Washington: The next time you want to get a quick read on the public`s opinion on politics or current events, consider sampling Twitter.
Researchers at Carnegie Mellon have determined that, at least in some instances, combing Twitter for data can be as good a way of researching opinions as conducting an actual poll.
Computer analysis of sentiments expressed in a billion Twitter messages during 2008-2009 yielded measures of consumer confidence and of presidential job approval similar to those of well-established public opinion polls, the researchers report.
Noah Smith, assistant professor of language technologies and machine learning in the School of Computer Science, said that the findings suggest that analyzing the text found in streams of tweets could become a cheap, rapid means of gauging public opinion on at least some subjects.

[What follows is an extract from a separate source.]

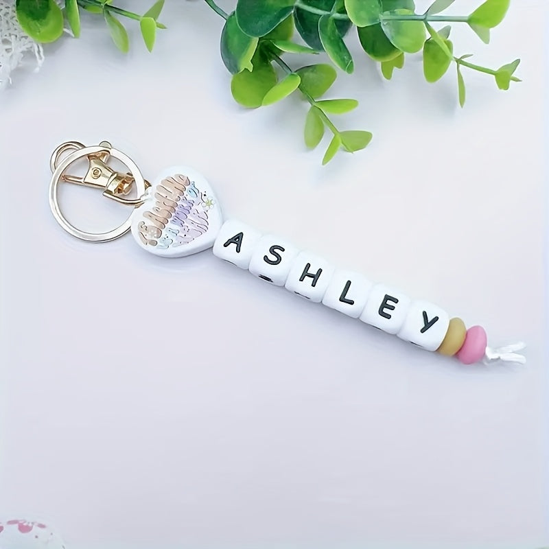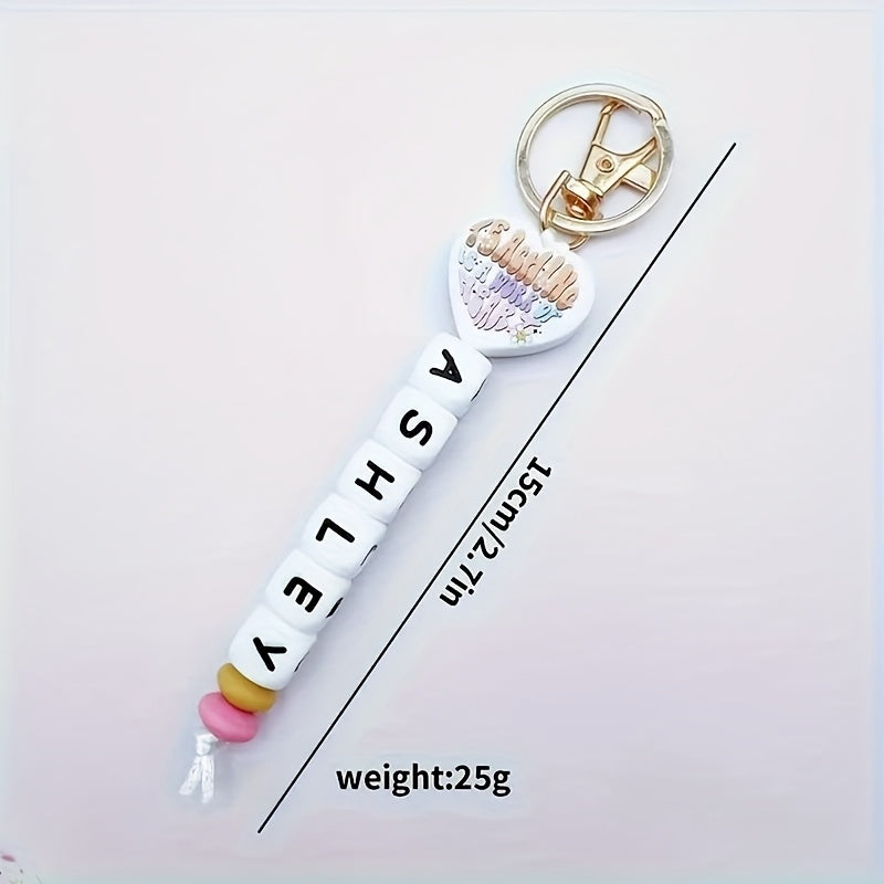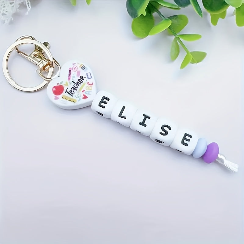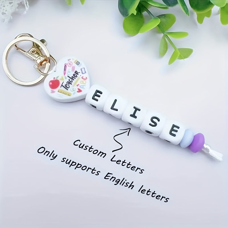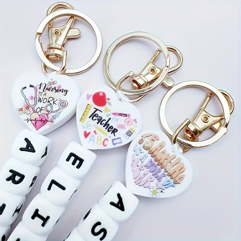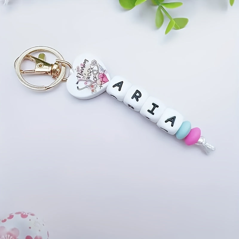 Get a custom silicone bead keychain with heart, teacher, nurse work pattern, and personalized English letters. Ideal gift for friends.

He, however, warned that tools for extracting public opinion from social media text are still crude and social media remain in their infancy, so the extent to which these methods could replace or supplement traditional polling is still unknown.
"With seven million or more messages being tweeted each day, this data stream potentially allows us to take the temperature of the population very quickly," Smith said.
"The results are noisy, as are the results of polls. Opinion pollsters have learned to compensate for these distortions, while we`re still trying to identify and understand the noise in our data. Given that, I`m excited that we get any signal at all from social media that correlates with the polls," Smith added.
The study findings will be presented May 25 at the Association for the Advancement of Artificial Intelligence`s International Conference on Weblogs and Social Media in Washington, DC.